▶ Collected data

:::

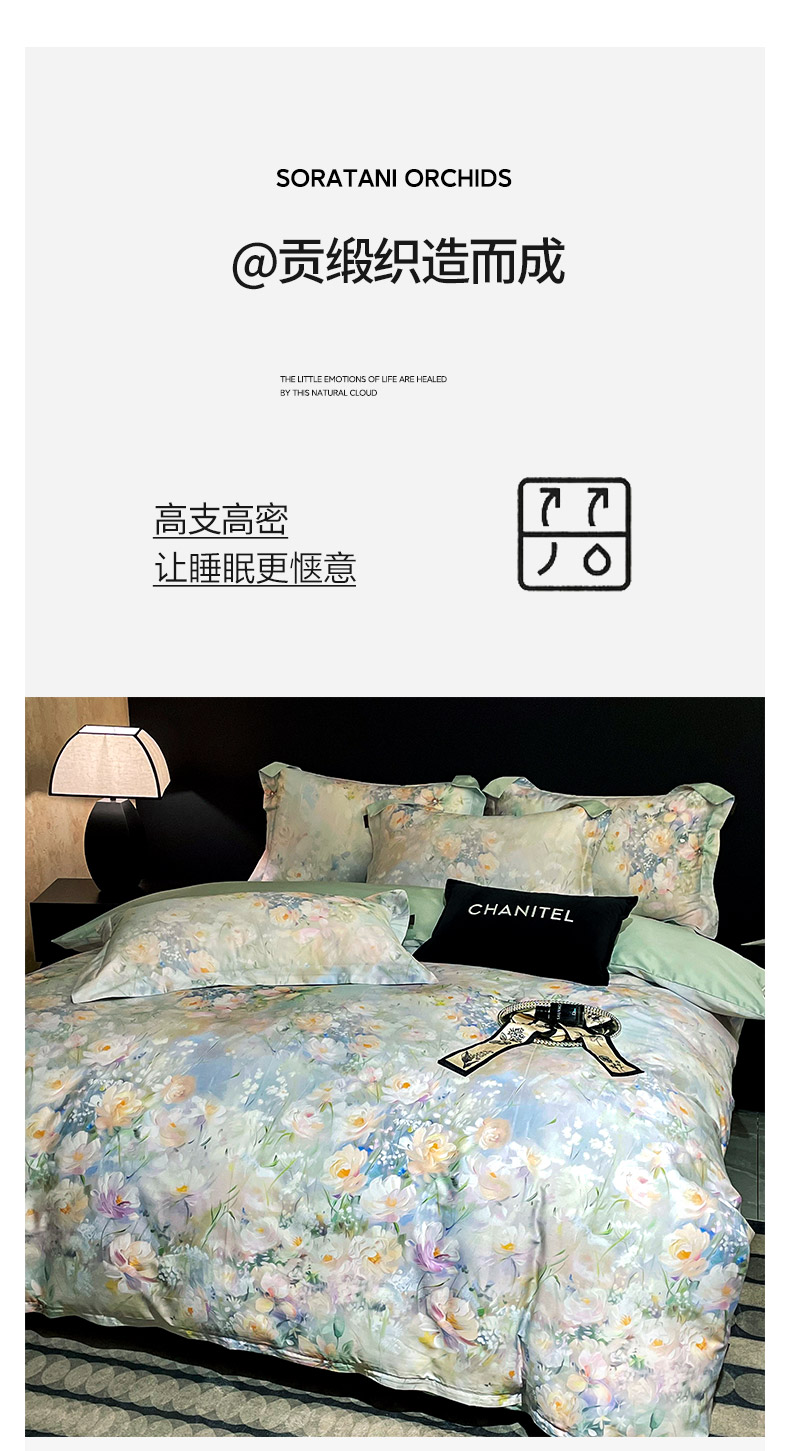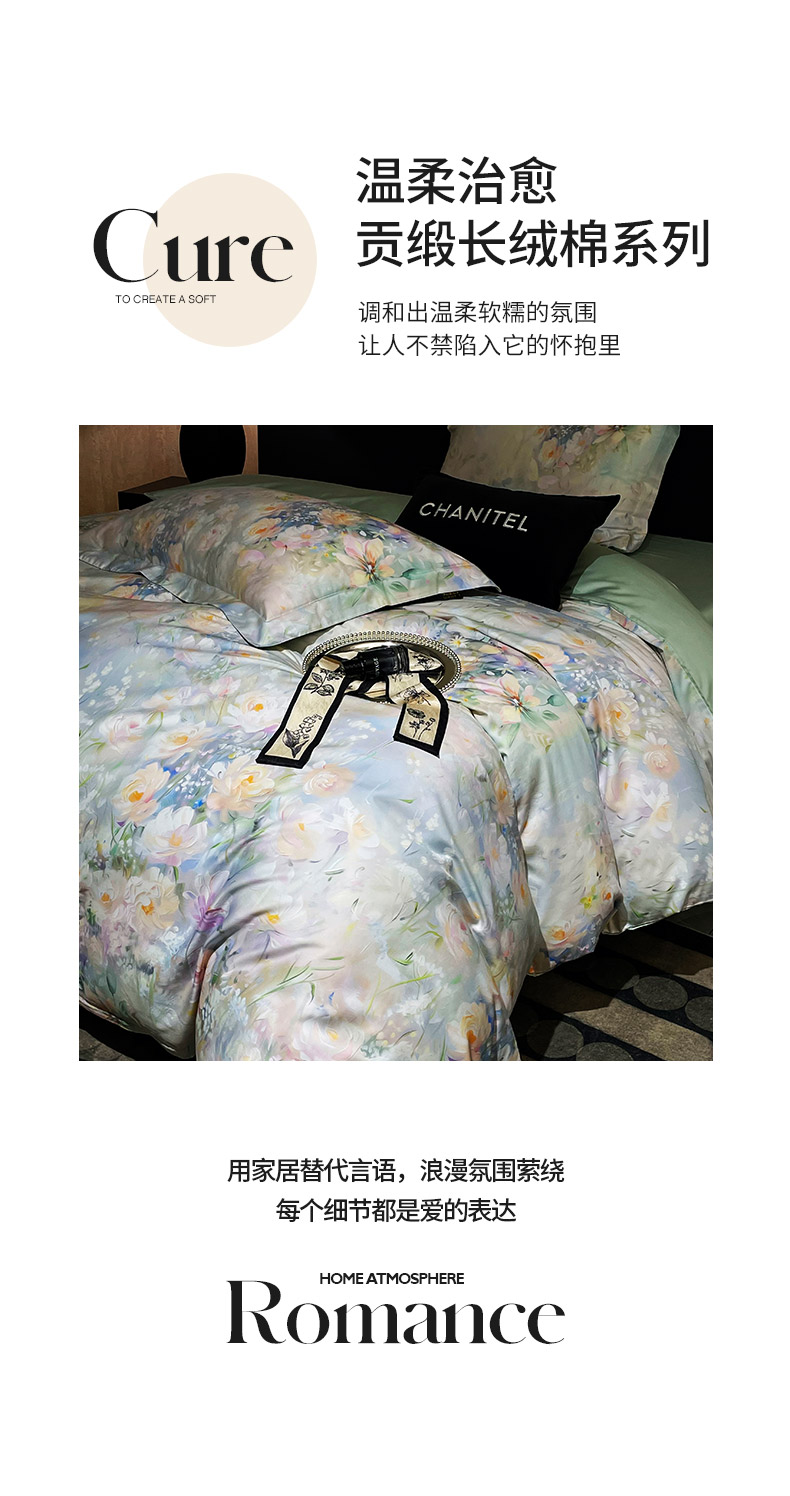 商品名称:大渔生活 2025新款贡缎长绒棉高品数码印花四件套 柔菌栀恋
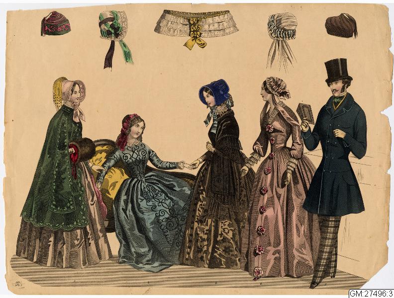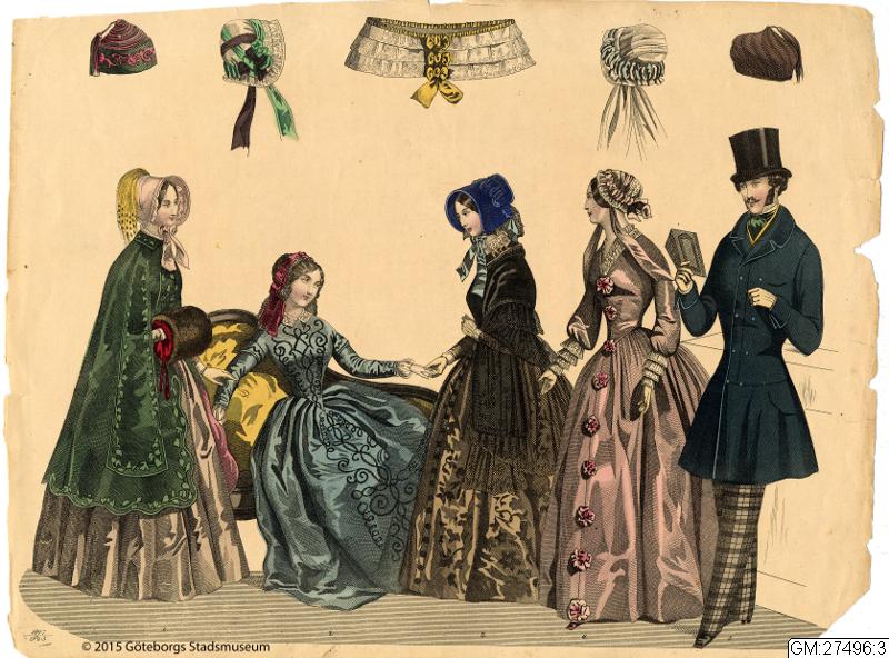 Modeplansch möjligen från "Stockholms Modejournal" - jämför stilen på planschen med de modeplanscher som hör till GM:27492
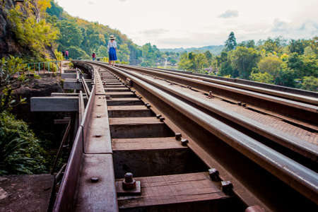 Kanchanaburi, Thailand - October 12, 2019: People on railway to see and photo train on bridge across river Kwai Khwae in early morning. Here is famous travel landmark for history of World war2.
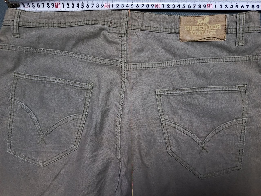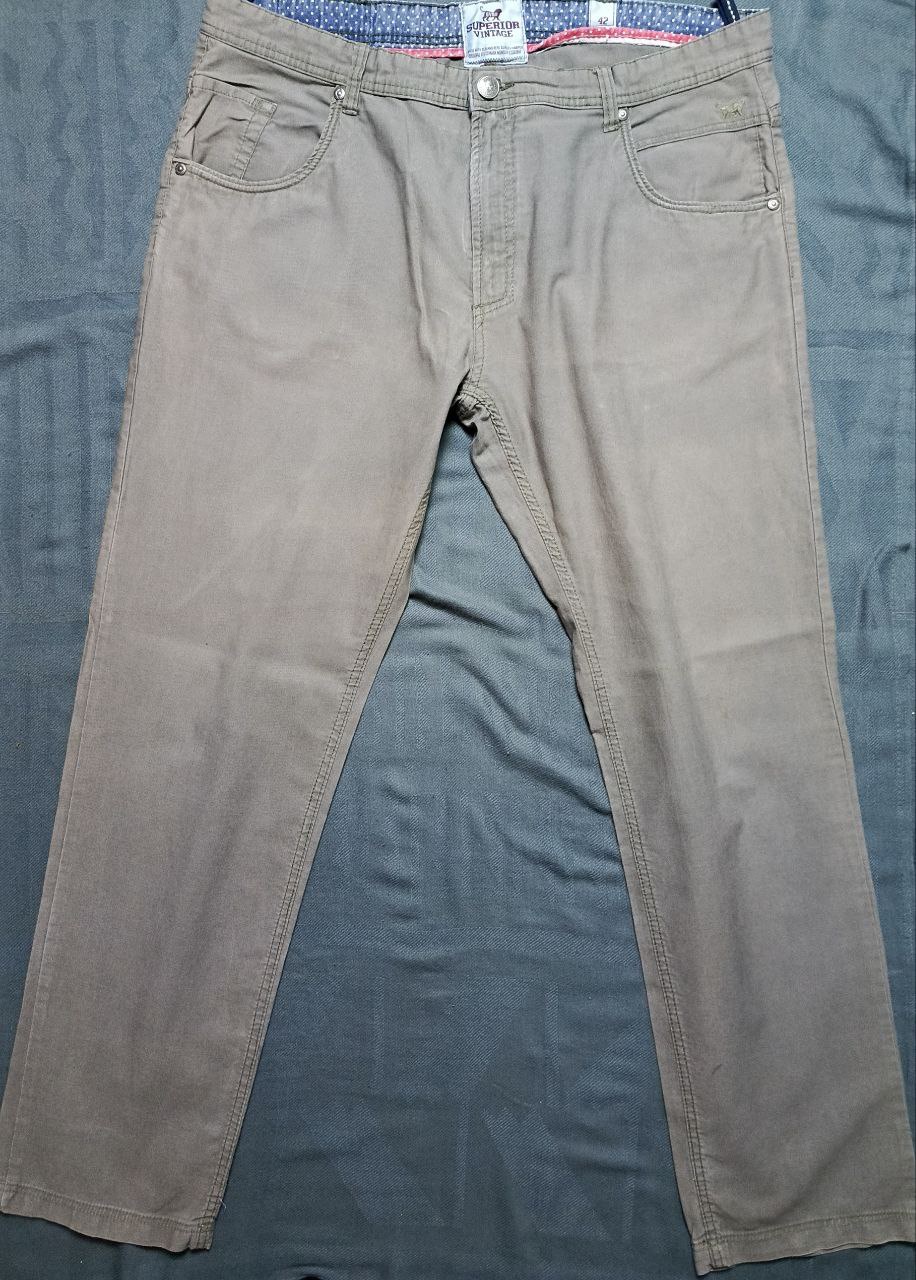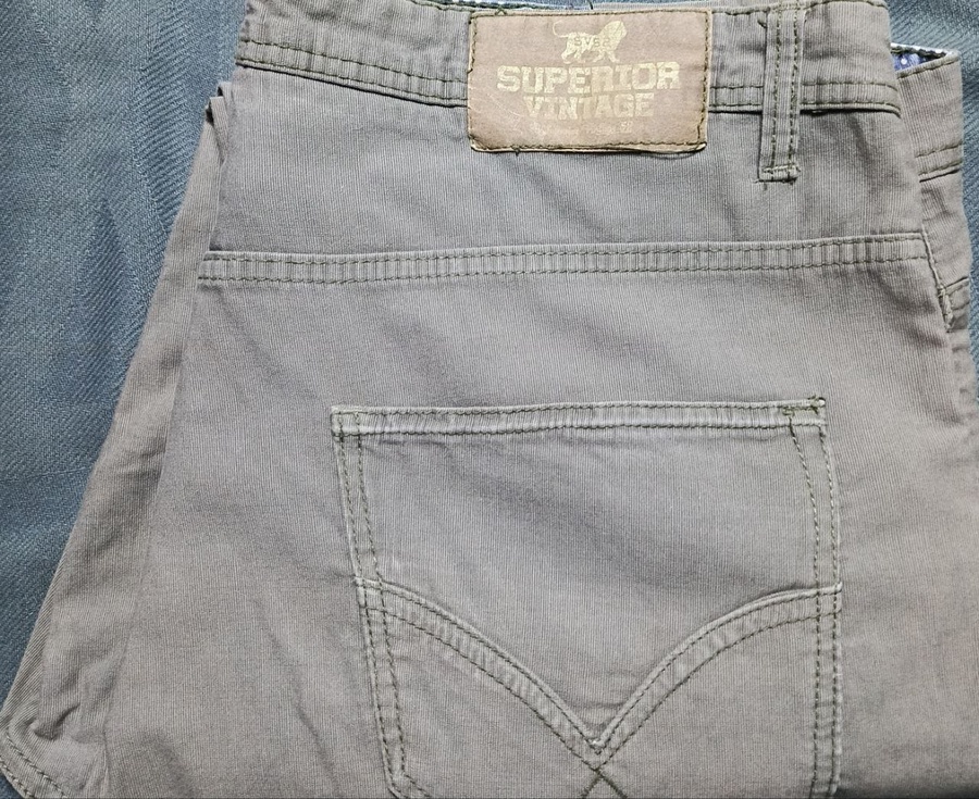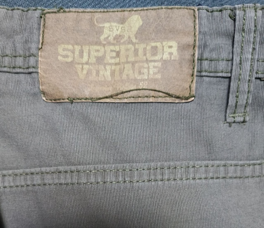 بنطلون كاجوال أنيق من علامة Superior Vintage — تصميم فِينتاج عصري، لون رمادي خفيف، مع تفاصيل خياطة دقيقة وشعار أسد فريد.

:::

▶ Problem requirements
Leave out every picture and write out exactly the lines running from the line containing "Kanchanaburi, Thailand - October" to the end of the listing above.

▶ Exercise response
 Kanchanaburi, Thailand - October 12, 2019: People on railway to see and photo train on bridge across river Kwai Khwae in early morning. Here is famous travel landmark for history of World war2.
 بنطلون كاجوال أنيق من علامة Superior Vintage — تصميم فِينتاج عصري، لون رمادي خفيف، مع تفاصيل خياطة دقيقة وشعار أسد فريد.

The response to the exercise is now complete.